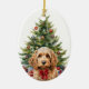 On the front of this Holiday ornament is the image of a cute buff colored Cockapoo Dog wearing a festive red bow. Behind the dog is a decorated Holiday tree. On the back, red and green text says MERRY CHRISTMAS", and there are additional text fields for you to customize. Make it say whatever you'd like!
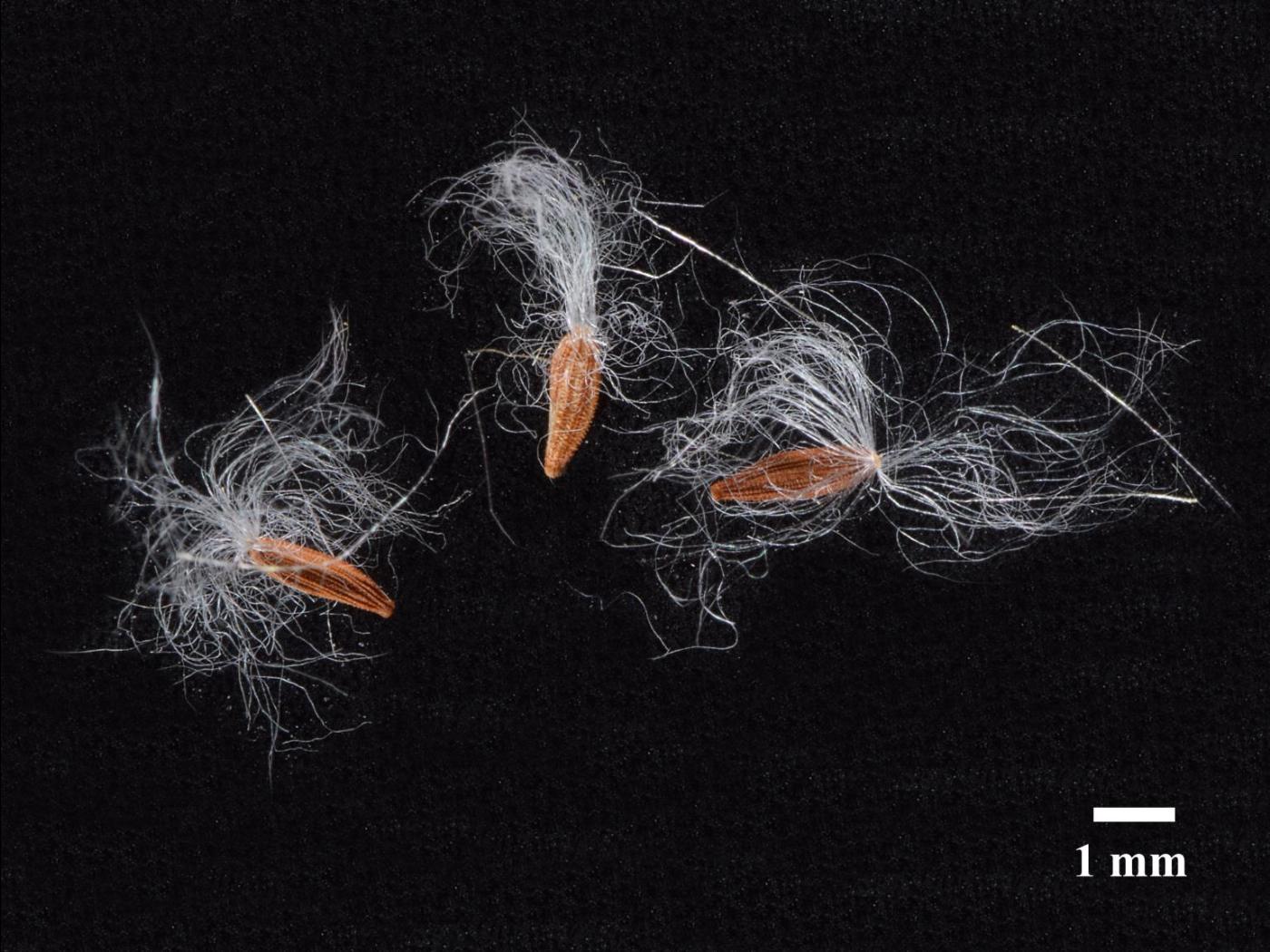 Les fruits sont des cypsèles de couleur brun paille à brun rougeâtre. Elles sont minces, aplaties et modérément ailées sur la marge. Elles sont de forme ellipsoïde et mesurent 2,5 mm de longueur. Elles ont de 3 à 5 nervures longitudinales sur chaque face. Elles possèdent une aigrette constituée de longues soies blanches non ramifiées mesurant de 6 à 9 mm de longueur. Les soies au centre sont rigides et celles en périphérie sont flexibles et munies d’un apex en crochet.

--

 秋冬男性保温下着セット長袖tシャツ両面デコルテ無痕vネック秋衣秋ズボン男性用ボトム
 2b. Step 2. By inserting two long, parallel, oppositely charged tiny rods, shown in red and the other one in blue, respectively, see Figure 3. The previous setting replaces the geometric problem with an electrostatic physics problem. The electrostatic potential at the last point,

(WHAT TO PRODUCE) Take the entries above and copy exactly the lines starting at the one with "On the front" and ending at the one with "Les fruits sont"; nothing outside that span, and no pictures.

(EXERCISE RESULT)
 On the front of this Holiday ornament is the image of a cute buff colored Cockapoo Dog wearing a festive red bow. Behind the dog is a decorated Holiday tree. On the back, red and green text says MERRY CHRISTMAS", and there are additional text fields for you to customize. Make it say whatever you'd like!
 Les fruits sont des cypsèles de couleur brun paille à brun rougeâtre. Elles sont minces, aplaties et modérément ailées sur la marge. Elles sont de forme ellipsoïde et mesurent 2,5 mm de longueur. Elles ont de 3 à 5 nervures longitudinales sur chaque face. Elles possèdent une aigrette constituée de longues soies blanches non ramifiées mesurant de 6 à 9 mm de longueur. Les soies au centre sont rigides et celles en périphérie sont flexibles et munies d’un apex en crochet.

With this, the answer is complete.